It's a major shock to the system when you've been diagnosed with a mental illness. There are plenty of questions that bounce around the mind after that diagnosis, some with easier answers than others. However, one of the hardest challenges you'll face is to face friends and family and announce that you have a mental health illness. Part of the difficulty springs from the uncertainty that is felt when facing loved ones to tell them that your life is about to change. No one can predict how friends and family will take hearing the news, which is what makes the experience stressful. However, there's no reason why it has to be that way. In fact, there are a few key tips to keep in mind to make this somewhat frustrating and difficult time flow as smoothly as possible.

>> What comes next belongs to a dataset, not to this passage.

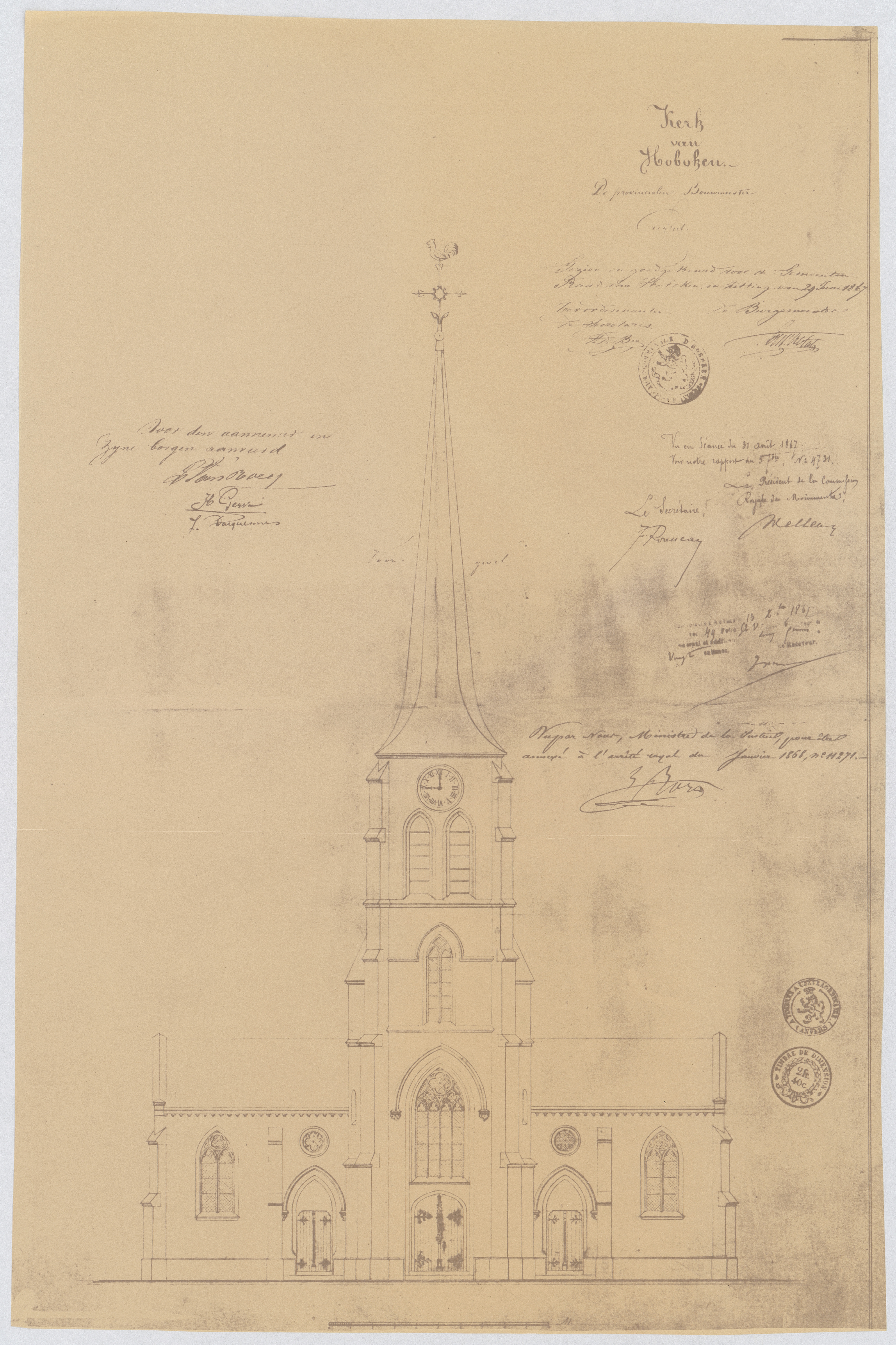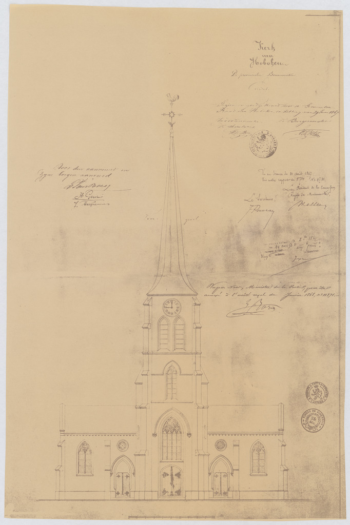 Opschrift: Kerk van Hoboken. Omschrijving plan: opstand voorgevel Datum KCML: 31/08/1867 Archiefnummer: A0436

First, consider who to tell first about the news of your mental health illness. You should start with the people that have shown themselves to be the most supportive. If you wanted to visualize it as a chain or a hierarchy, that would be a valid mental picture. In this model, you would start with the most supportive in your social network and then flow downward to those that may be less supportive at this stage. Let the most supportive person know how important it is to you that they understand the person they care about is still there and is working on building positive, healthy solutions for their life.
Second, have a plan in place that you will use to continue to invite positive changes into your life. If that means that you will be taking up volunteering to channel your attention into something positive, let your loved ones know this. The key here is to be as transparent as possible.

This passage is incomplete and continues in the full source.